Romo Magnis datang ke Indonesia dengan niat membantu gereja Indonesia. Ia juga punya perhatian terhadap gerakan komunisme di Indonesia pada tahun 60-an. “Di Jerman, spesialisasi studi saya adalah Marxisme dan Leninisme. Saya merasa agak tahu tentang komunisme dan merasa barangkali gereja katolik di Indonesia butuh orang yang sedikit tahu tentang teori-teori komunisme,” ujarnya di wawancara.

Walaupun mempelajari Marxisme, ia tidak setuju dengan paham tersebut. Dalam artikel-artikelnya tahun 90-an, Romo Magnis berpendapat, “ideologi Marxisme-Leninisme yang totaliter dan anti-religius tak punya tempat di negara Pancasila.” Ia pun menerbitkan buku yang khusus mendedah pemikiran Vladimir Lenin dan Karl Marx. Buku Dalam Bayang-Bayang Lenin terbit pada 2003, sementara Pemikiran Karl Marx: Dari Sosialisme Utopis ke Perselisihan Revisionisme terbit pada 1999.

Romo Magnis pun menertawakan sikap sekelompok masyarakat di Makassar beberapa waktu lalu yang malah merazia dan menyita bukunya. “Baru-baru ini buku-buku saya dirazia. Lucu sekali,” kata Romo Magnis sambil tersenyum.

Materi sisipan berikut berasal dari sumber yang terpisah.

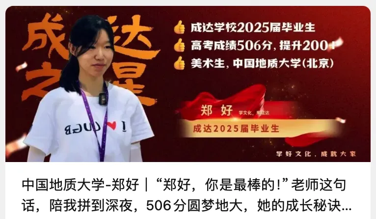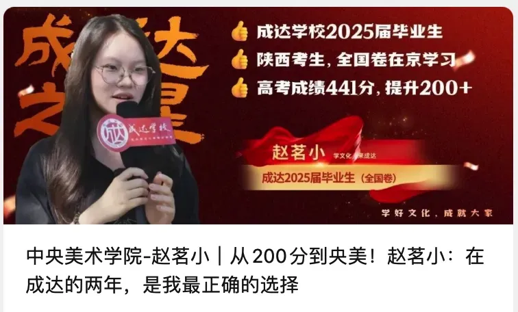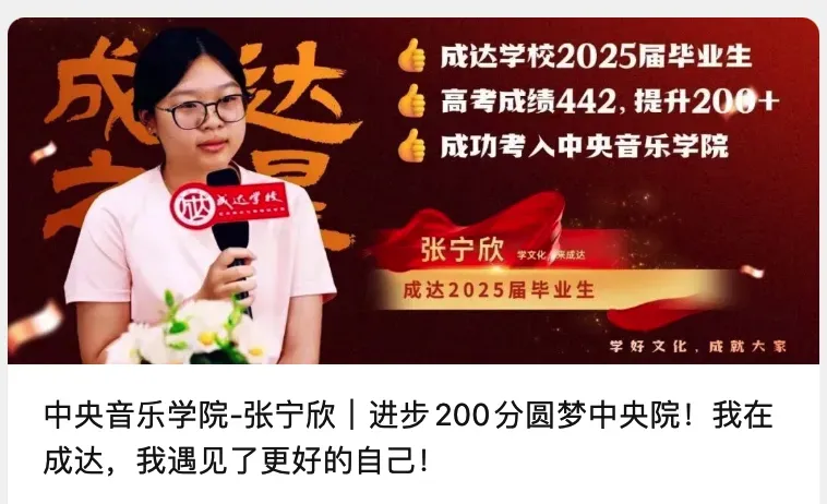 为分享成功经验,激励更多艺术生突破文化课瓶颈,我们隆重推出【好学校用分数说话】系列专题报道!持续分享2025届【真实学员的逆袭故事与提分轨迹】,用看得见的进步,诠释成达23年专注艺术生文化课的深厚积淀与教学成果。敬请关注本系列,汲取榜样力量,见证分数飞跃!

Ia tidak setuju jika studi-studi tentang komunisme dilarang di negeri ini. Dalam tulisannya untuk harian The Jakarta Post pada 1995, ia mengamini peraturan MPRS No. 25 Tahun 1966 yang melarang kegiatan dan ajaran komunisme/Marxisme-Leninisme, tetapi menganggap mengkaji ajaran-ajaran tersebut secara kritis tidak sama dengan menyebarkannya.

Kebiasaan-kebiasaan pemerintah dan aparat negara untuk menuduh individu atau LSM yang memperjuangkan hak asasi manusia, bersimpati terhadap buruh, atau berdemo bersama petani-petani di kasus sengketa tanah sebagai komunis justru ia anggap kontra-produktif dengan niat negara untuk menghalau komunisme.

“Karena komunisme dilarang dan dianggap buruk, mahasiswa-mahasiswa justru jadi tertarik dan berbalik mengidealkan konsep Marxisme,” tulisnya. Romo Magnis justru mendorong terbukanya akses dan kesempatan untuk mempelajari secara saintifik teori-teori Marxisme. Ia berkata, “mengapa kita takut membiarkan intelektual-intelektual muda kita mengetahui sendiri apa yang baik bagi mereka?”